Sunday, February 21, 2010

Generationally-Neutral Fiscal Policies

Our nation is facing a day of reckoning of debt. The costs of programs such as Medicare, Social Security and federal pensions will overwhelm any reasonable projection of future GDP in the next 20 or 30 years. While it is questionable if the Baby Boomers actually contributed enough over time to fund their anticipated golden retirement, even if they have done so this money, held in trust, is gone. President Obama recently convened a bipartisan commission to look at these “third rail” political issues, and though I commend the effort I am skeptical of the outcome.

In order to avert what will surely become a generational divide, we need to add another term to the budgeting lexicon. We talk at times about revenue-neutral policies and legislation. We need to speak of generationally-neutral fiscal policies as well. The current post-boomer generation is going to be saddled with trillions of dollars of national debt, and a legacy of unfunded, underfunded and looted mandates. They will refuse, as well they should, to support this burden, and they will have the growing political power to do so.

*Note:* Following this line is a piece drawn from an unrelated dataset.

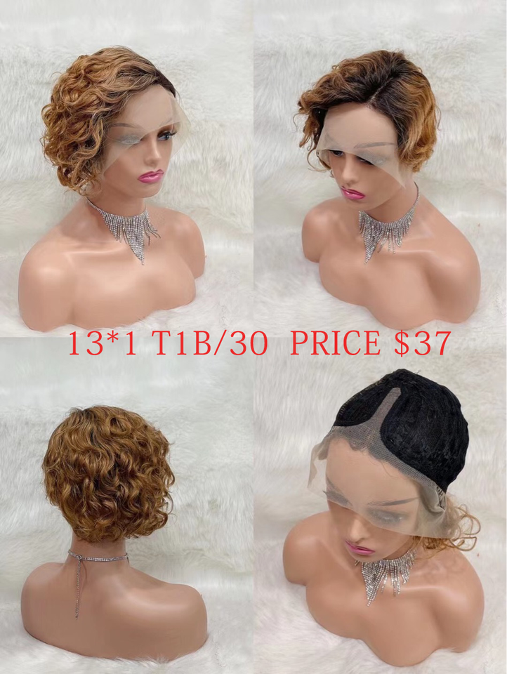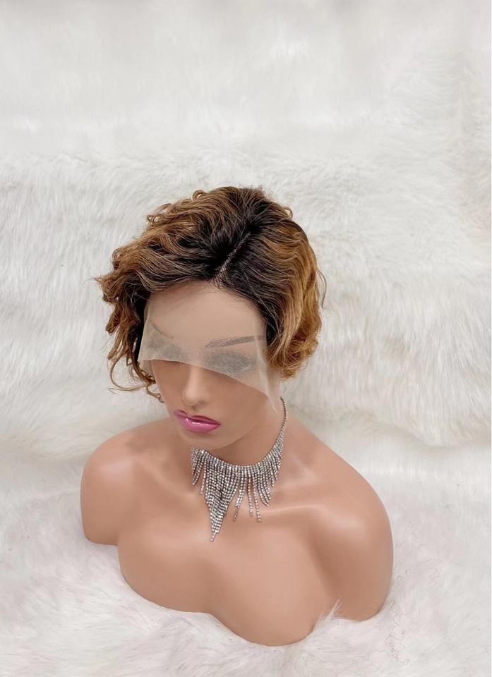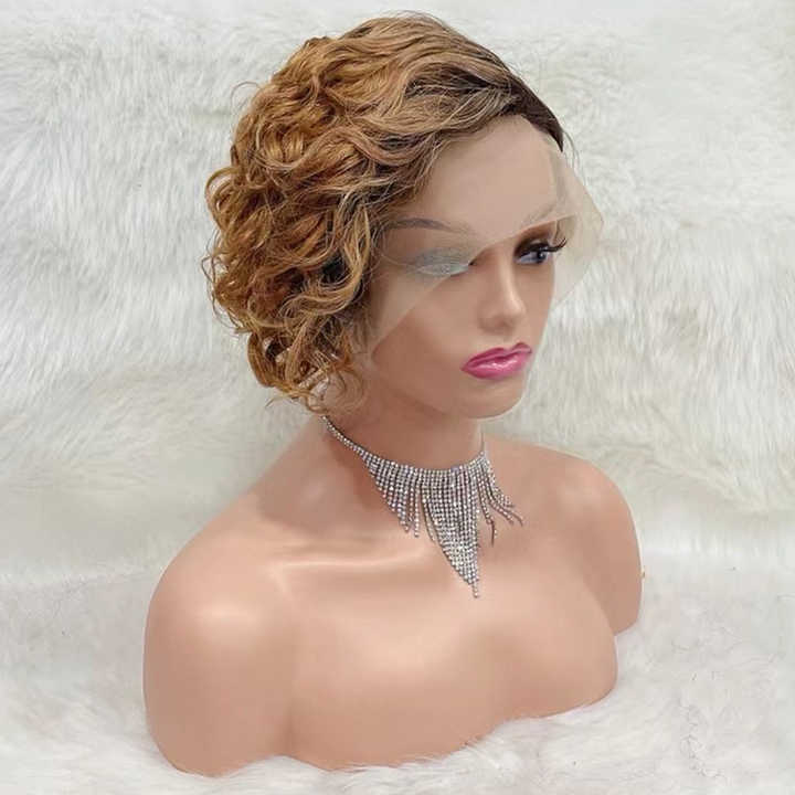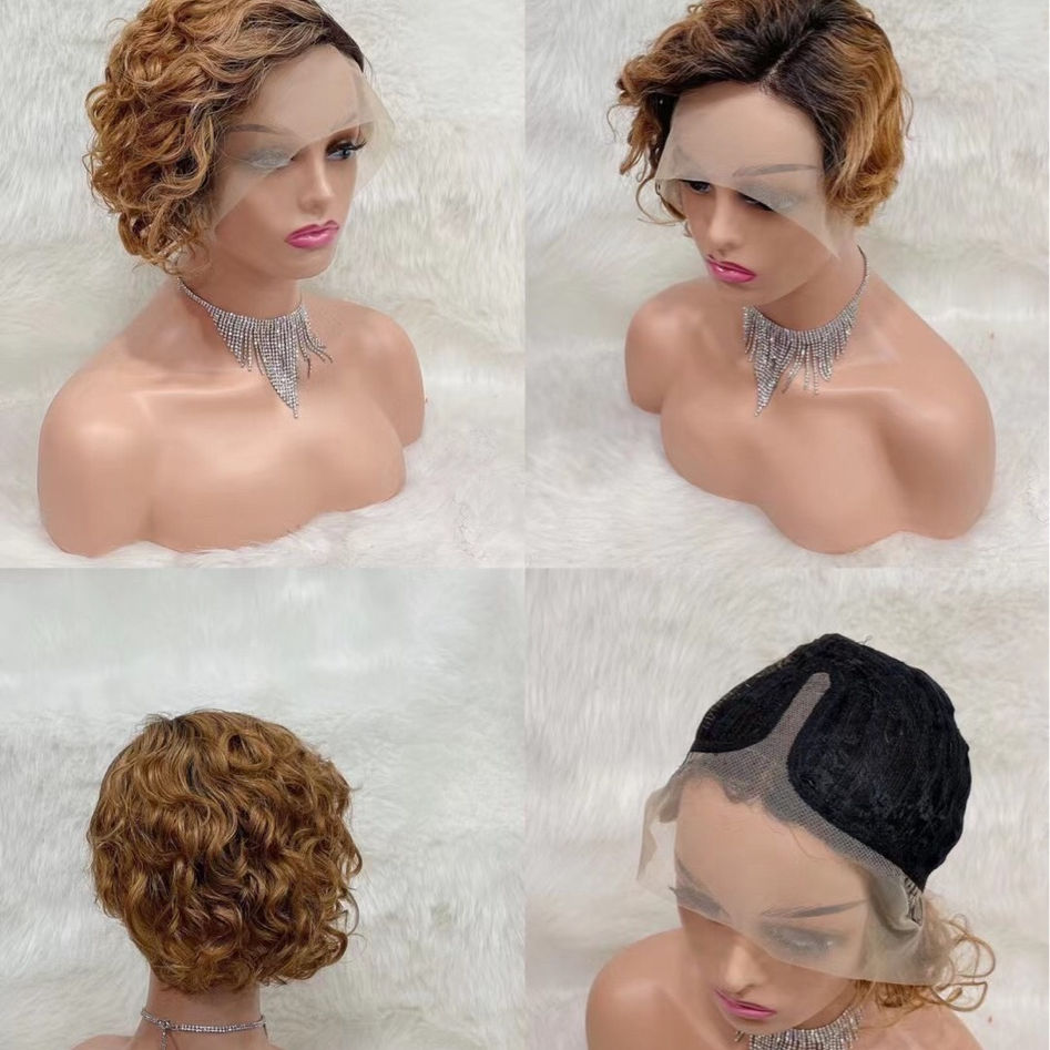 Perruque courte bob frontale en dentelle Pxie Cut Curly Lace Front Wig Ombre Honey Blonde Colored Human Hair Wigs Preplucked 13x1 pour femmes noires

Politicians are demonstrably unable to address this growing problem and be re-elected, and so a non-elected, broadly representative body of multi-partisan financial policy experts needs to vet legislation for generational neutrality. If the cost of a program, other than monies needed for national defense, exceeds the projected revenue of the generation benefiting from and implementing it, then that legislation goes back to Congress. I am ashamed of the fiscal situation that my children are inheriting from my generation and the one just before me, and we need to make the hard choices now to remedy this. If not, we will be passing down “the sins of the fathers unto their children to the third and forth generation. . .” This is not the legacy I want to leave for my children.